IF 4.7 2区 教育学 Q1 EDUCATION, SCIENTIFIC DISCIPLINES Pub Date : 2023-12-01 Epub Date: 2023-04-12 DOI: 10.1080/0142159X.2023.2190479
James G Boyle, Matthew R Walters, Susan Jamieson, Steven J Durning

Distributed cognition (DCog) is a member of the family of situativity theories that widens the lens of cognition from occurring solely inside the head to being socially, materially and temporally distributed within a dynamic system. The concept of extending the view of cognition to outside the head of a single health professional is relatively new in the healthcare system. DCog has been increasingly used by researchers to describe many ways in which health professionals perform in teams within structured clinical environments to deliver healthcare for patients. In this Guide, we expound ten central tenets of the macro (grand) theory of DCog (1. Cognition is decentralized in a system; 2. The unit of analysis is the system; 3. Cognitive processes are distributed; 4. Cognitive processes emerge from interactions; 5. Cognitive processes are interdependent; 6. Social organization is a cognitive architecture; 7. Division of labour; 8. Social organization is a system of communication; 9. Buffering and filtering; 10. Cognitive processes are encultured) to provide theoretical insights as well as practical applications to the field of health professions education.

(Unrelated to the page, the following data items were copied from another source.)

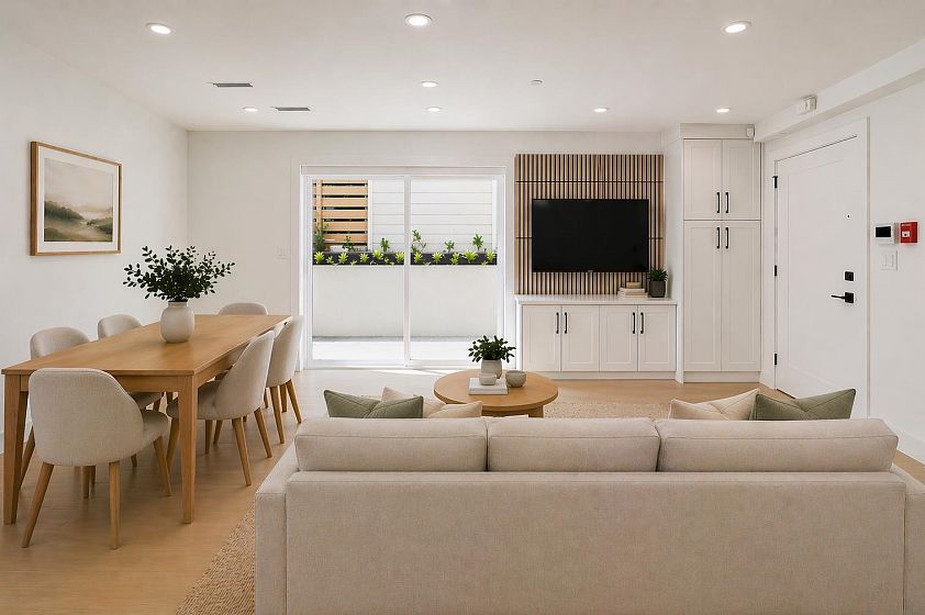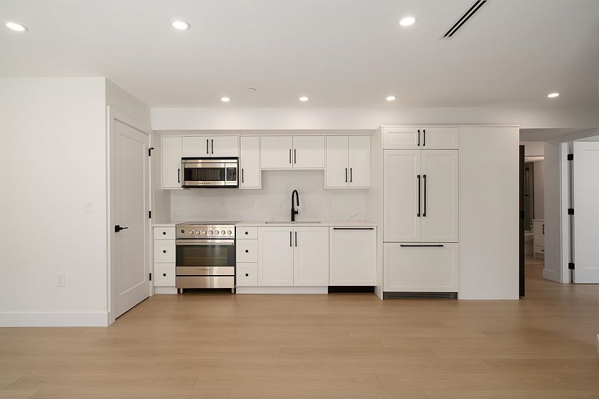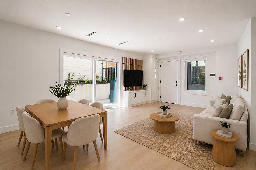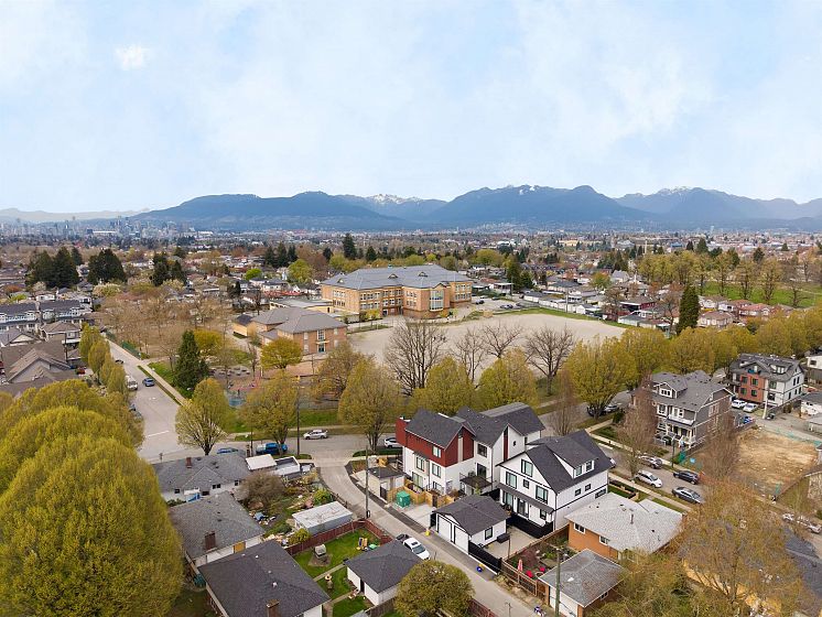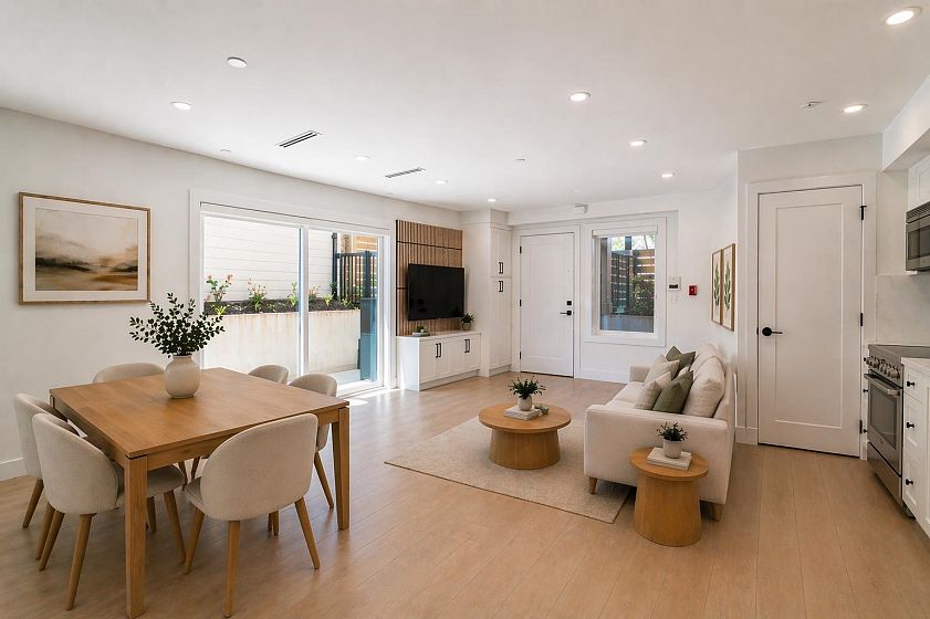 Welcome to Norquay Premiere, a limited collection of contemporary townhomes in East Van. This garden-level home is ideal for growing families or downsizers, featuring 3 bedrooms on one level and a wraparound outdoor space. The main living area offers an open-concept layout, built-in media unit, and modern kitchen with Fisher & Paykel appliances, quartz counters & shaker-style cabinetry. Equipped with heat pump heating & A/C, dedicated hot water tank & full-size laundry. Smart security system, secure bike storage & 1 parking included. Centrally located near parks, schools & Kingsway amenities; a 9-min walk to 29th Ave SkyTrain & 20 mins to Downtown or YVR. Catchments: John Norquay Elementary & Windermere Secondary.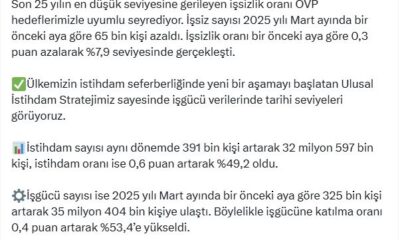 Çalışma ve Sosyal Güvenlik Bakanı Vedat Işıkhan, mart ayı iş gücü istatistiklerine ilişkin sosyal medya hesabından yaptığı açıklamada, “Son 25 yılın en düşük seviyesine gerileyen işsizlik...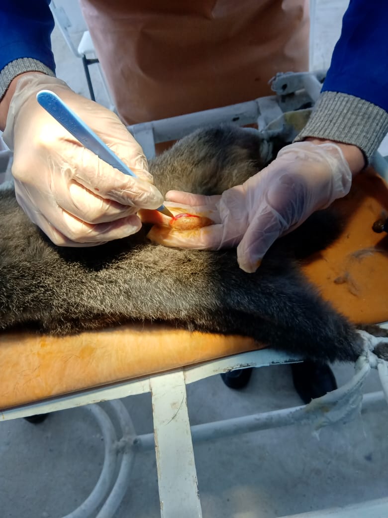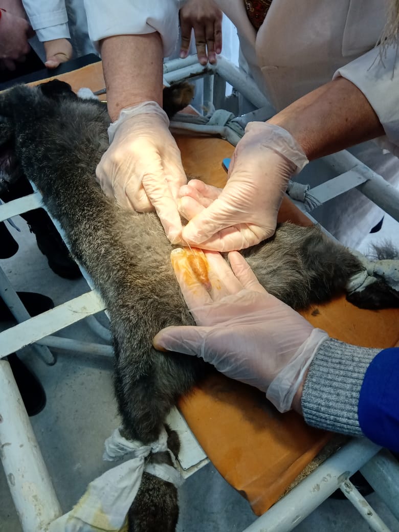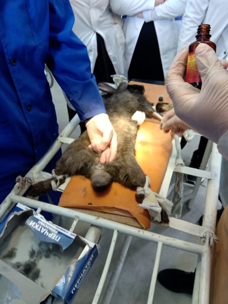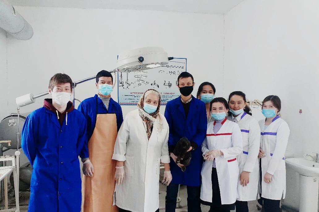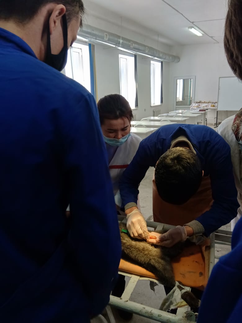 Кәсіптік бағдар беру мақсатында аудандық ветеринария саласының майталманы, зейнеткер Гапуова Назира өзінің мамандығының шеберлігін насихаттауда “Ветеринария” мамандығының өндірістік оқу шеберлерімен бірлесіп, студенттерге “Қоянды пішу” (кострация) жұмысын көрсетті.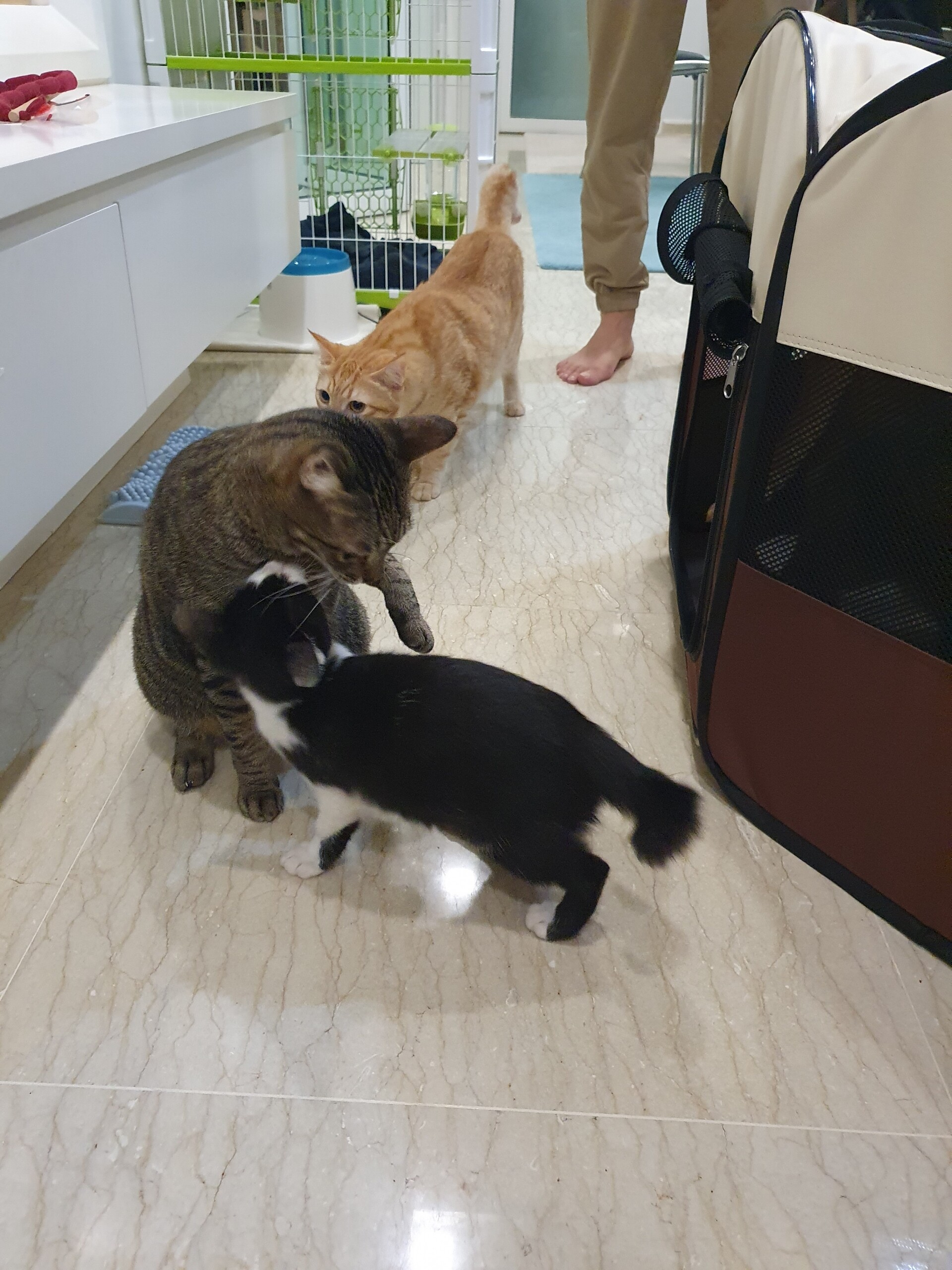 これは意外でした。一番ズンズン行くかと思ってました😁やっぱり温室育ちだから自分より小さい子猫見た事無いしなんだこれ?って思ったのかな?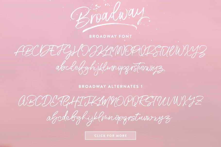 百老汇字体是手刷字体,带有多语言支持。是t恤、杂志、电话封面、社交媒体、餐厅菜单、贺卡、邀请函、婚礼、标题等的理想选择。这种笔刷字体提供了一套完整的小写和大写字符、大量标点连接、数字和多语言支持。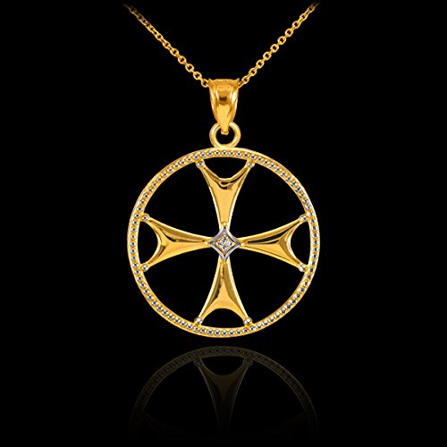 -. Binding : Jewelry -. Brand : Religious Jewelry by FDJ -. Department : womens -. Feature : diamond-accented Maltese cross charm religious charm pendant dangling from its dainty yet durable rolo chain necklace / finely handcrafted with solid 10 karat yellow gold and embellished with a natural white diamond accent / comes with free special gift packaging / made in the USA yet offered at factory direct jewelry P.R.Ice / ships from the manufacturer directly to the customers -. Label : Claddagh Gold -. Manufacturer : Claddagh Gold -. Model : CM946 -. MPN : CM946 -. PartNumber : CM946 -. ProductGroup : Jewelry -. ProductTypeName : FASHIONNECKLACEBRACELETANKLET -. Publisher : Claddagh Gold -. Studio : Claddagh Gold -. Title : 10k Yellow Gold Open Design Diamond-Accented Maltese Cross Pendant Necklace

分布式认知(Distributed cognition,DCog)是情景理论家族中的一员,它将认知的视角从仅仅发生在头脑中扩大到在一个动态系统中的社会、物质和时间分布上。在医疗保健系统中,将认知视角扩展到单个医疗专业人员头脑之外的概念相对较新。研究人员越来越多地使用 DCog 来描述医疗专业人员在结构化临床环境中以团队形式为患者提供医疗服务的多种方式。在本《指南》中,我们阐述了 DCog 宏(大)理论的十大核心原则(1.认知在系统中是分散的;2.分析单位是系统;3.认知过程是分散的;4.认知过程产生于互动;5.认知过程是相互依存的;6.社会组织是一种认知结构;7.认知过程是一个整体;8.认知过程是一个整体的认知过程;9.认知过程是一个整体的认知过程;10.认知过程是一个整体的认知过程;11.认知过程是一个整体的认知过程。社会组织是一个认知架构;7.分工;8.社会组织是一个交流系统;9.缓冲和过滤;10.认知过程是被培养的),为卫生专业教育领域提供理论见解和实际应用。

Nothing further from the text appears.